Consider the system of linear equations $\mathbf{A}\mathbf{x}=\mathbf{b}$. For each row $i$, we have:
$$ \mathbf{A}_{i\cdot}\mathbf{x}=b_{i} $$
In Gaussian elimination, we perform a sequence of transformation steps. Each step consists of adding or subtracting a multiple of one row to another row of both $\mathbf{A}$ and $\mathbf{b}$:
$$ \begin{aligned} \mathbf{A}_{i\cdot}^{k+1} &\leftarrow \mathbf{A}_{i\cdot}^{k}+\alpha_{ij}^{k}\cdot\mathbf{A}_{j\cdot}^{k} \\ b_{i}^{k+1}&\leftarrow b_{i}^{k}+\alpha_{ij}^{k}\cdot b_{j}^{k} \end{aligned} $$
Now it's easy to show that
$$ \begin{aligned} b_{i}^{k+1} &= b_{i}^{k}+\alpha_{ij}^{k}\cdot b_{j}^{k} \\ &=\mathbf{A}_{i\cdot}^{k}\mathbf{x}+\alpha_{ij}^{k}\cdot \mathbf{A}_{j\cdot}^{k}\mathbf{x}\\ &=\left(\mathbf{A}_{i\cdot}^{k}+\alpha_{ij}^{k}\cdot\mathbf{A}_{j\cdot}^{k}\right)\mathbf{x}\\ &=\mathbf{A}_{i}^{k+1}\mathbf{x} \end{aligned} $$
We have seen that the transformation step does not change the solution $\mathbf{x}$, i.e., the solution $\mathbf{x}$ is an invariant with respect to the Gaussian elimination step.

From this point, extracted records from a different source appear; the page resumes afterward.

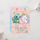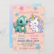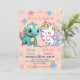 Rosa Niedliche Einhorndinosaurier Regenbogen Gebur Einladung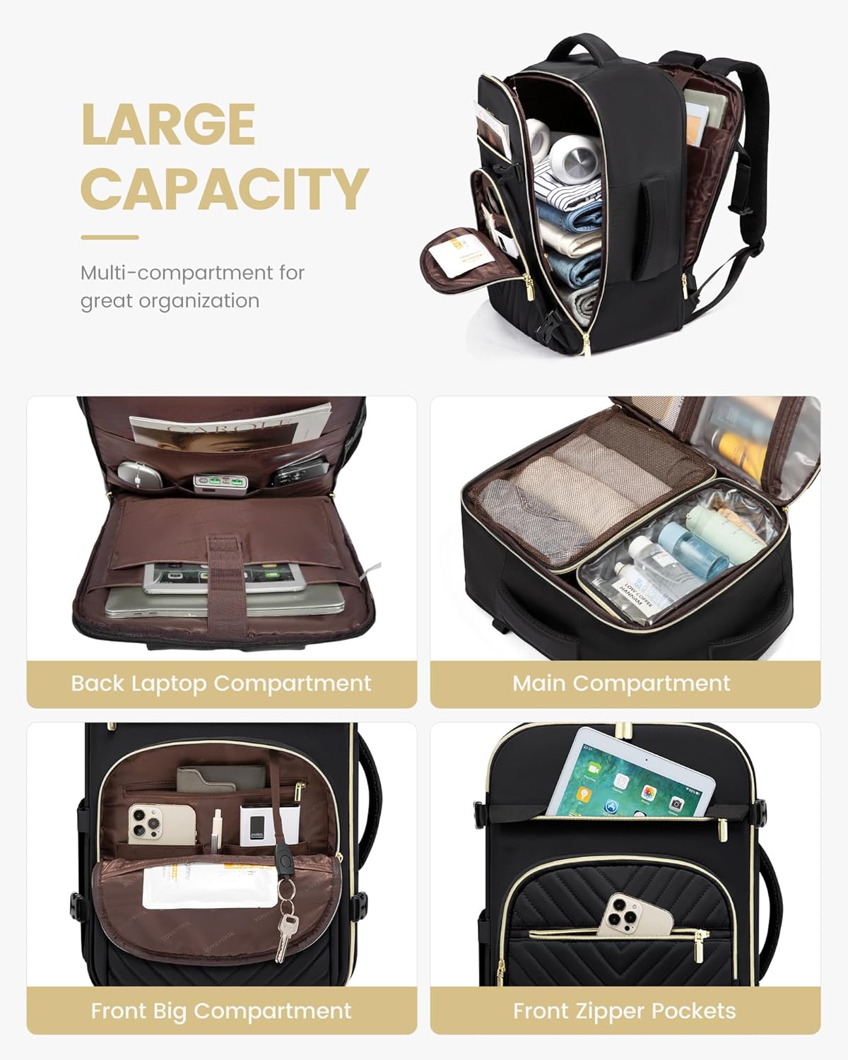 LOVEVOOK Large Travel Backpack for Women, TSA Carry on Backpack for Airplanes, 40L Personal Item Travel Bag fits 17″ Laptop, Waterproof Carry on Bag Flight Approved with 4 Packing Cubes, Black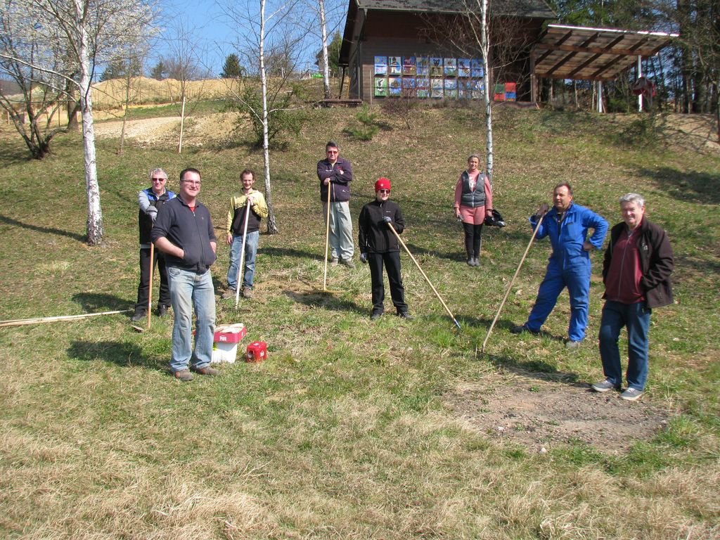 Očistili smo okolico čebelnjaka, pograbili odpadlo listje z zelenice in uredili nedavno izkopan jarek vodovodnega priključka.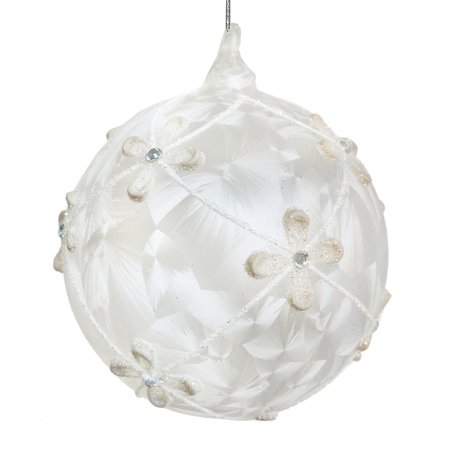 Украшение елочШишиШар матовый с цветком из блесток 12см стекло62591

When solving a system of linear equations, the scalars $\alpha_{ij}^{k}$ are chosen such that the matrix $\mathbf{A}$ becomes an upper triangular matrix, which makes the equation much easier to solve e.g. using backward substitution.
More Generally
Premultiplying the equation with an invertible matrix $\mathbf{T}$ does not change the solution $\mathbf{x}$:
$$ \mathbf{A}\mathbf{x}=\mathbf{b} \implies \mathbf{T}\mathbf{A}\mathbf{x}=\mathbf{T}\mathbf{b} $$
Defining $\mathbf{A}'=\mathbf{T}\mathbf{A}$ and $\mathbf{b}'=\mathbf{T}\mathbf{b}$, we have a new equation
$$ \mathbf{A}'\mathbf{x}=\mathbf{b}' $$
If you can find $\mathbf{T}$ that makes the new equation much easier to solve, then you can create your own algorithm to solve a system of linear equations!